Kuwait City, Kuwait --
An Arab Times article states that Reiki is not allowed in Islam because it involves "channelling spirits." That's not true, and the Reiki described in the article is not the practice I know. The article also states that "healing with universal (God created) energy through other hands-on methods, as long as they are not methods for channeling spirits, would be perfectly acceptable," so since Reiki doesn't involve that, can we conclude that it is permissible? Reiki energy is universal energy, not energy from spirits.
Roanoke, Virginia -- Samuel Strauss, the teacher of my first Reiki teacher, is featured in a Roanoake Times article on Reiki, headlined "
Touch of Energy." I've never met him, but his name is listed in the lineage on my Level 1 and 2 certificates.

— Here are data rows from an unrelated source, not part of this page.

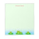 Cute happy little frogs on light green Notepad. Frogs symbolise good luck!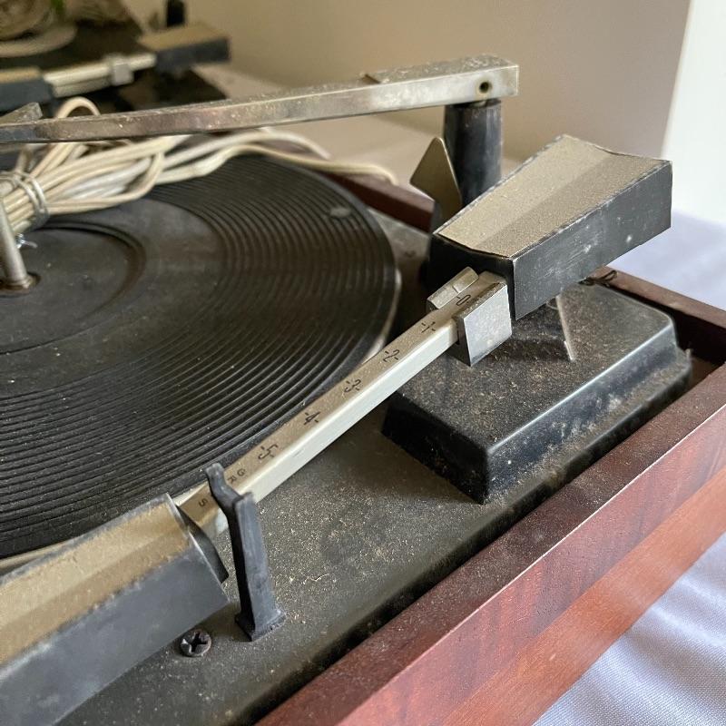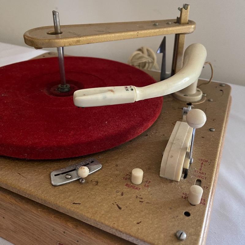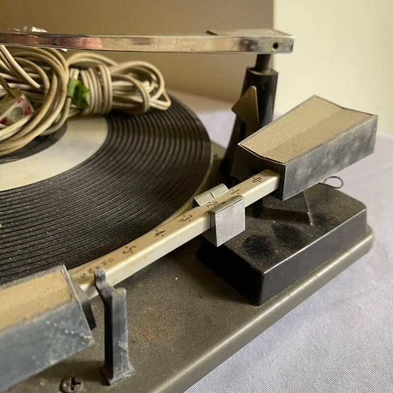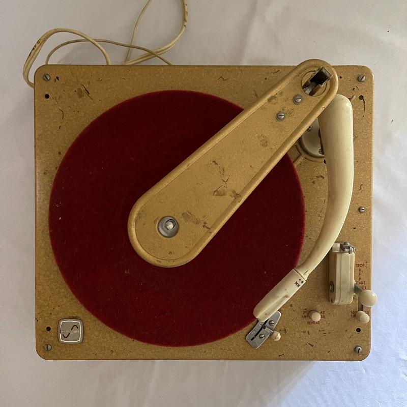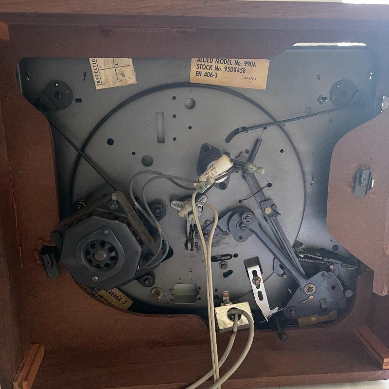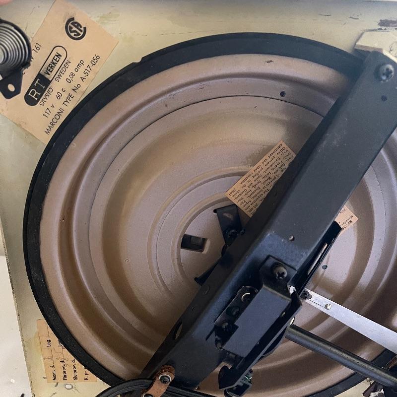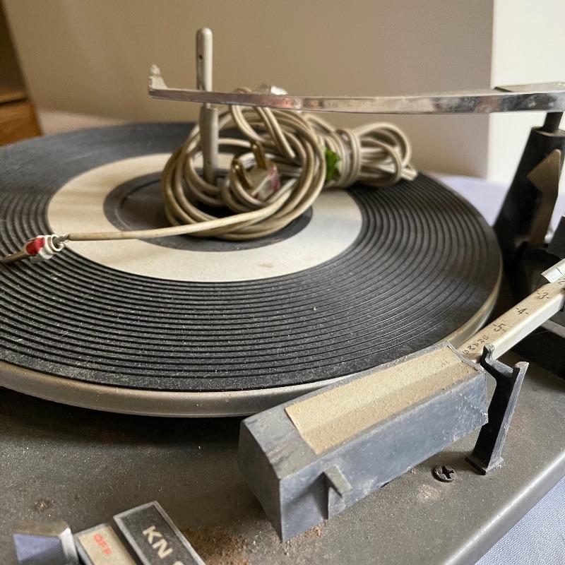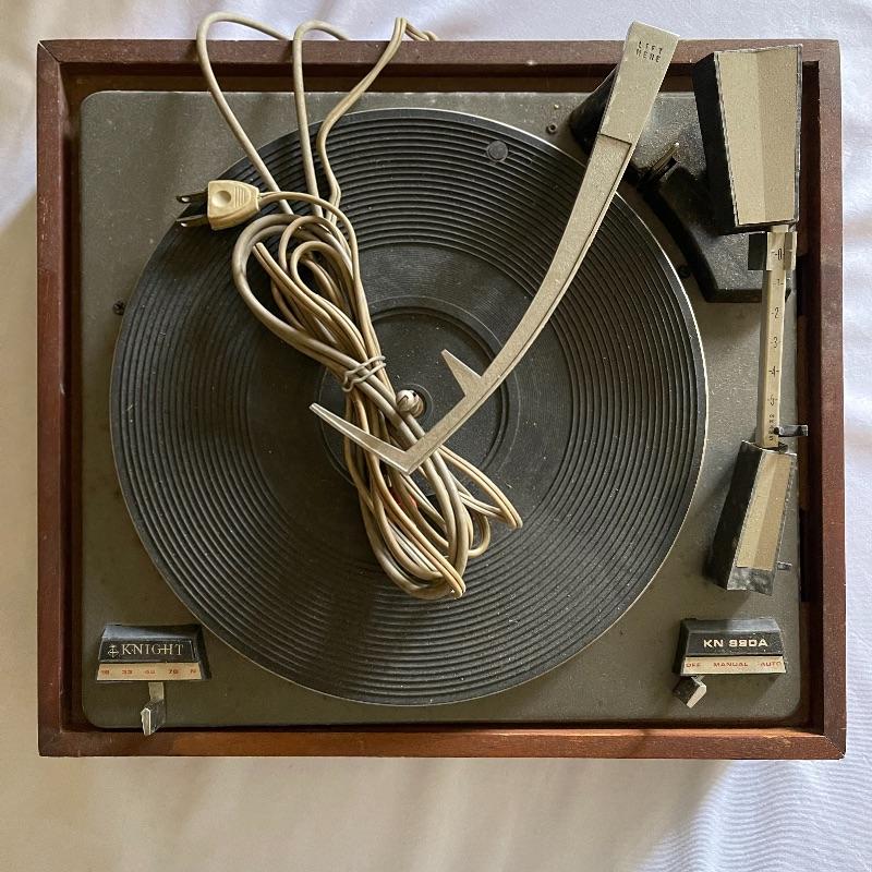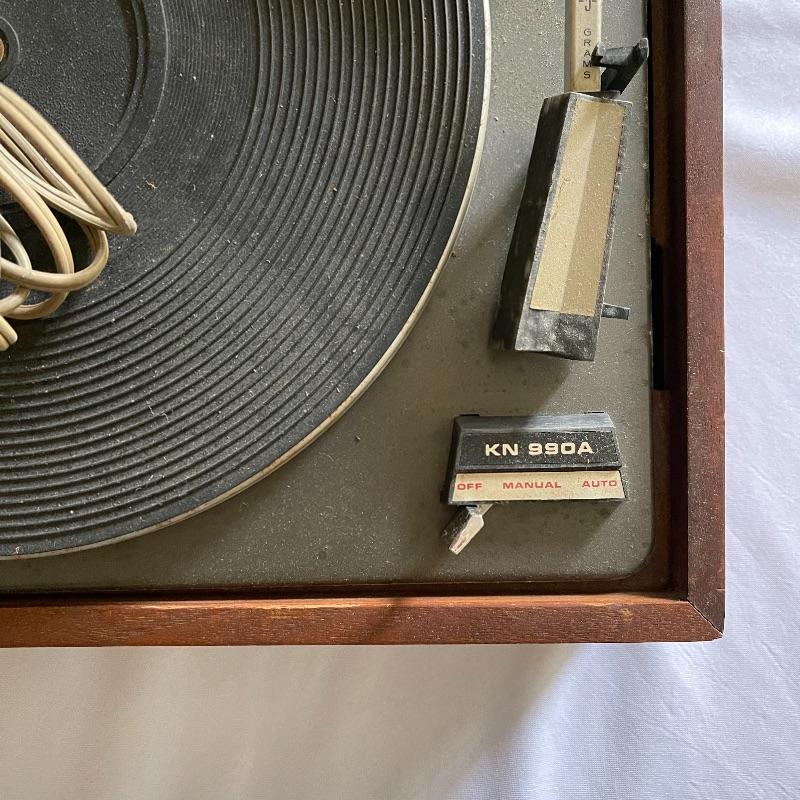 Group of four turntables from various makers. Two are Knight turntables, both are model 990A. One is Marconi, Swedish made, and the type number is A-517-056. The last is a single High Fidelity turntable, model 31471.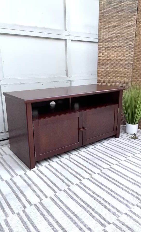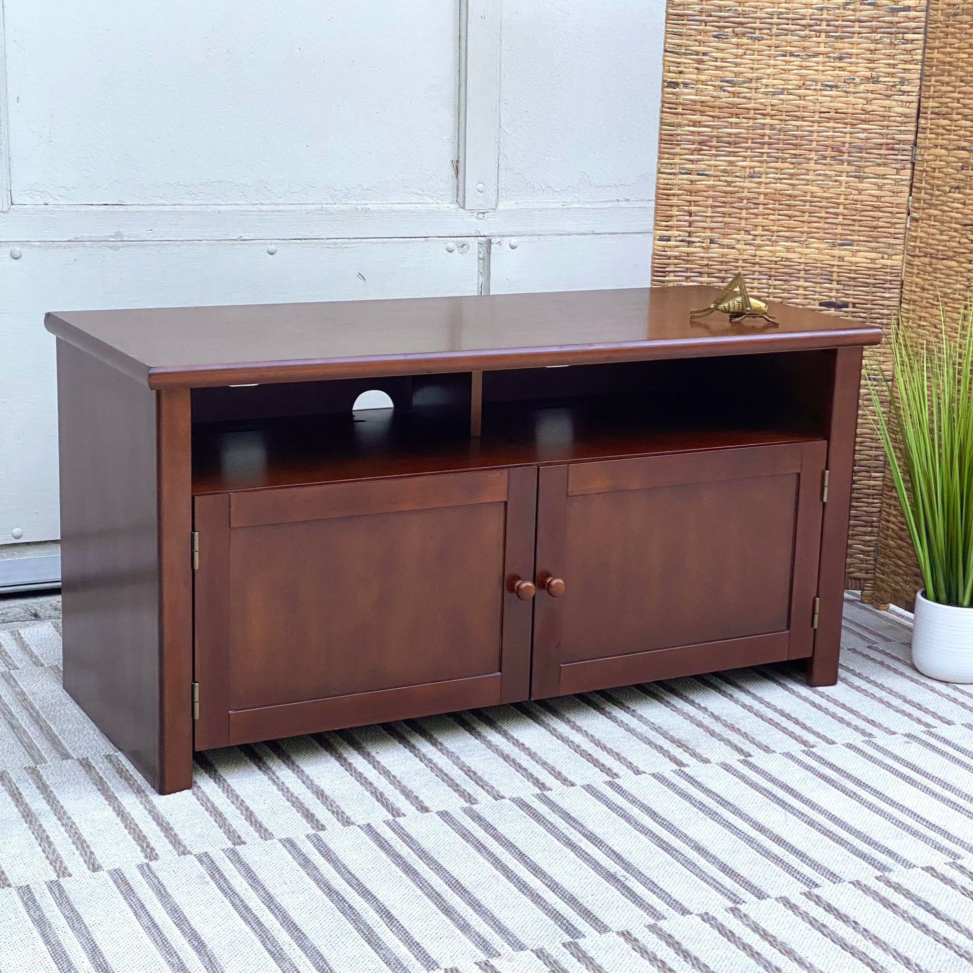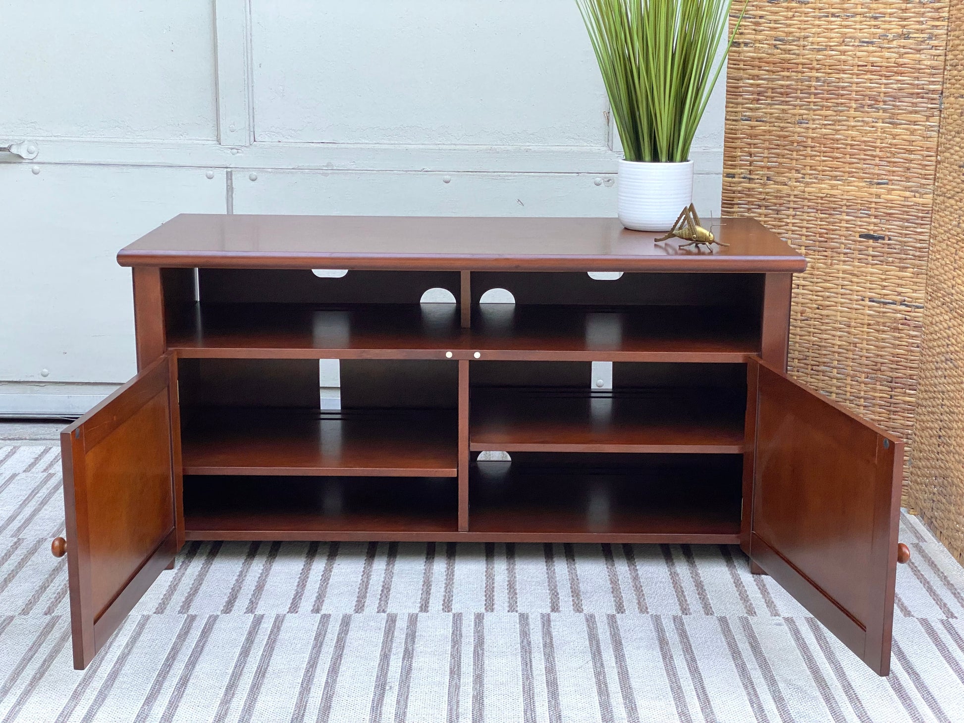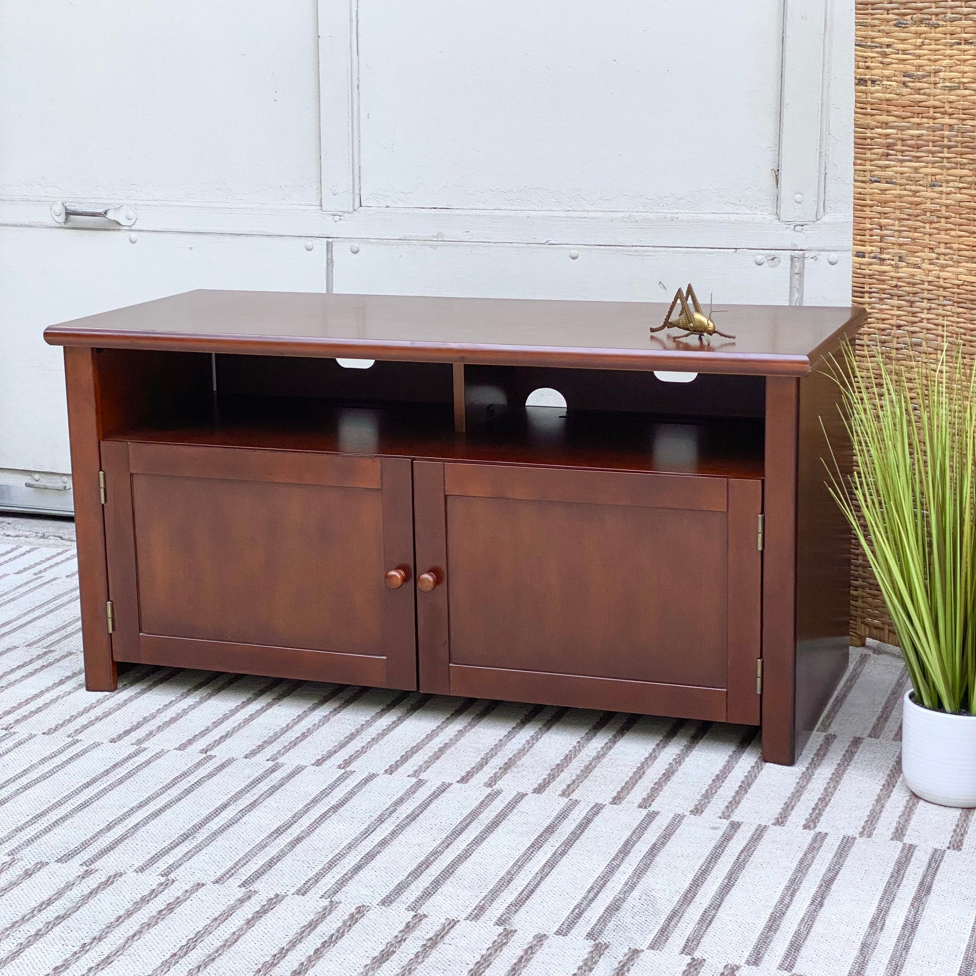 SOLD -New arrival! Beautiful dark stained wooden tv stand cabinet. Nice low profile and great underneath storage. 24” x 48” x 20” Good condition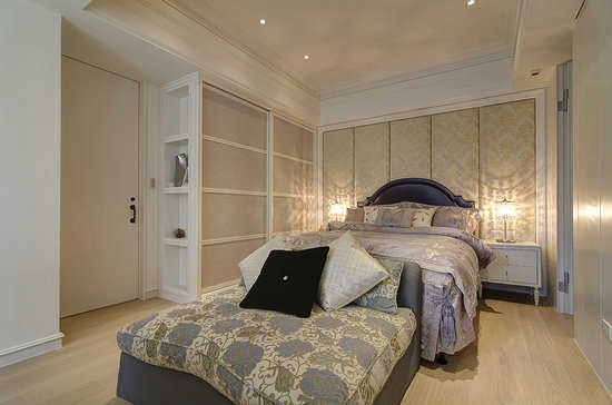 编辑点评:搭以对称的床头柜、壁灯,延续白色古典的优雅氛围。以白色营造素雅大方的卧房质感,床尾一路隐藏衣物柜、化妆桌,实现美感与机能并存的期待。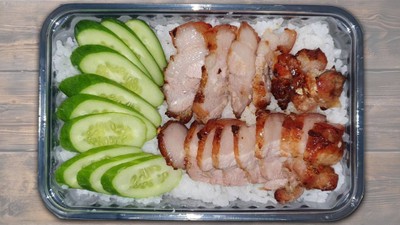 ข้าวหมูสามชั้นทอด (2 ขีด)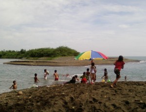 海はまあまあきれいだが、川は汚れている。現地の子供たちはそれでも平気で泳いでいる。満潮時には川を逆流して海の水が流れ込むので、少しはきれいに見える。 |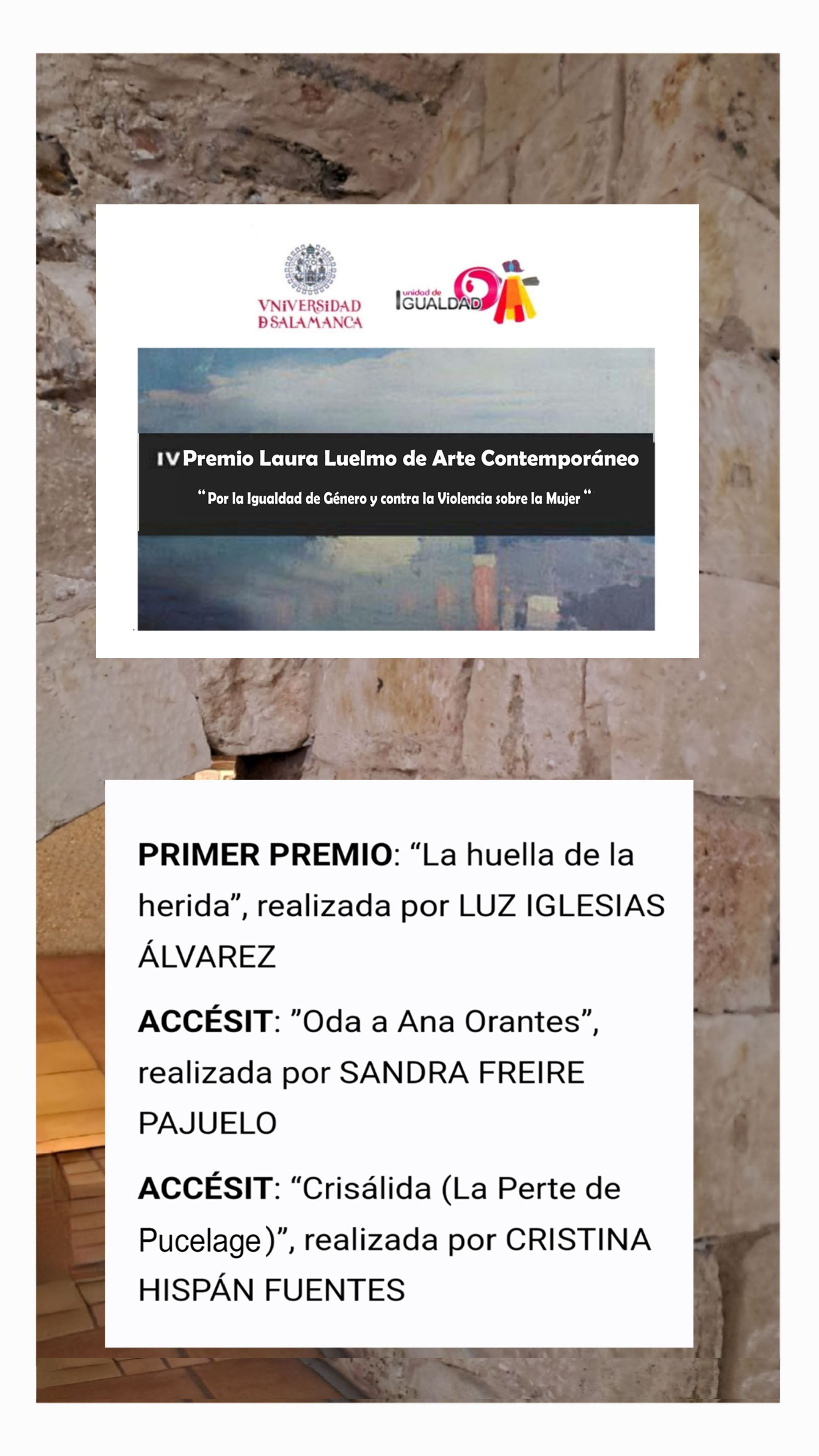 Tres estudiantes de la USAL han sido galardonadas en esta edición. Luz Iglesias Álvarez ha obtenido el primer premio por “La huella de la herida”, y también se han reconocido los trabajos de Sandra Freire Pajuelo y Cristina Hispán Fuentes con sendos accésits por sus obras “Oda a Ana Orantes” y “Crisálida (La Perte de Pucelage)”.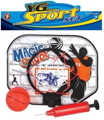 Состав: щит с кольцом 280х220 мм, мяч 100 мм, насос.
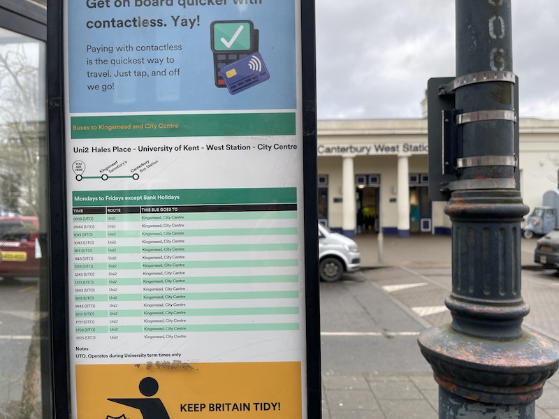 There’s a bus stop right outside Canterbury West for Stagecoach route Uni2 to the city centre every half hour after the morning peak and other buses depart a short walk away in St Dunstans Street.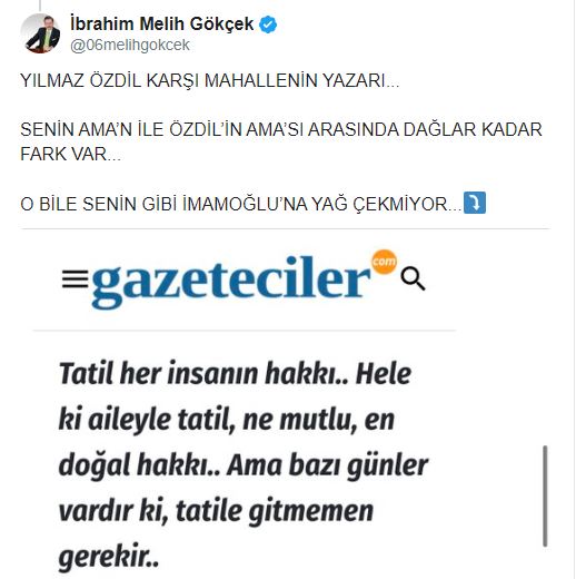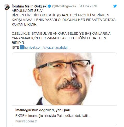Eski Ankara Büyükşehir Belediye Başkanı Melih Gökçek, Hürriyet yazarı Abdulkadir Selvi'yi eleştirdi. Gökçek, Selvi'nin İstanbul Büyükşehir Belediye Başkanı Ekrem İmamoğlu'na 'yağ çektiğini' savundu.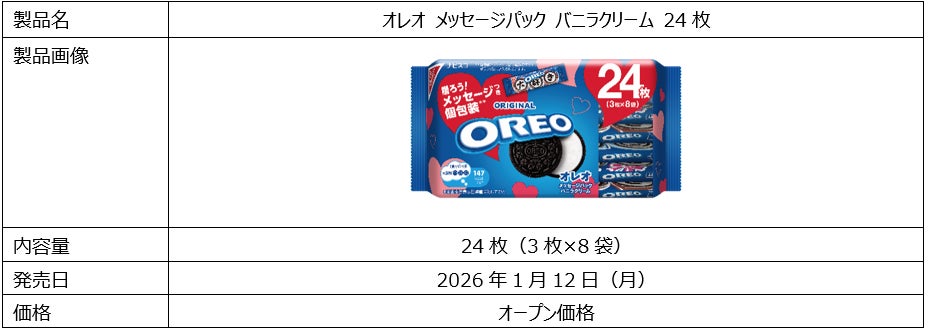 モンデリーズ・ジャパン株式会社(本社:東京都品川区/代表取締役社長:碇祐輔)のビスケットブランド「オレオ」は、バレンタインに向けて、3文字メッセージつき個包装が入った「オレオ メッセージパック バニラクリーム 24枚」を2026年1月12日(月)より全国で発売します。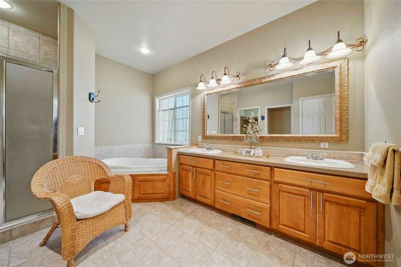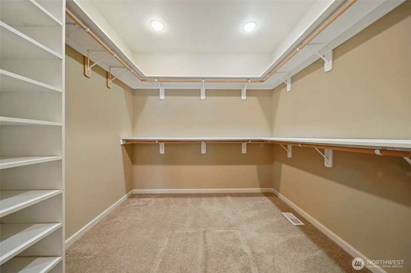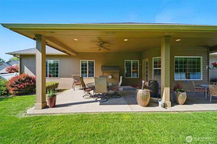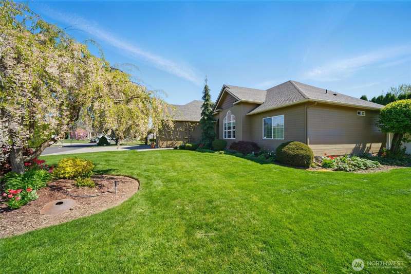 QUIET setting and GREAT NEIGHBORHOOD, close to shopping and Lyons Park. Bedrooms split, and one BR could be an office, music room, or BR. Amenities include a jetted tub for soaking, ceiling fans, a central Vac. System, a forced air heat pump with a gas backup, a 3-car garage with abundant storage, a 220V plug-in garage on the east side, and a beautiful gas FP. The home features a new LG fridge (2025), an eating bar, LARGE PANTRY, formal dining, and an informal eating area. Great, fully fenced back yard with a raised garden bed, pet potential, and low maintenance & manicured with an UG timed sprinklers. LG primary ensuite w/lg. walk-in closet. All of the HIGH CEILINGS add to the charm. You need to see it for yourself!

We can only hope that this paragraph in the article did not come from Strauss, because it doesn't match what I've learned from my teachers in 3 Reiki Master trainings:
"Reiki started more than 2,500 years ago in Tibet, but was basically lost for ages until being rediscovered by a Japanese Christian monk named Master Mikao Usui in the mid-19th century." (Actually, the system was developed in 1922, it isn't from Tibet, it wasn't rediscovered, and Usui was neither a Christian nor was he -- as is all-too-commonly reported -- a doctor.)
Another common misconception about Reiki shows up in
an article on This is London, which features a Reiki practitioner/palm reader who recently read Barack Obama's handprint and predicted "He will take on a new project that will affect his life and the lives of others in a big way." (Reiki is not fortune-telling -- some people practice both, just as some people practice Reiki and banking, Reiki and bricklaying, or Reiki and any other art or profession.)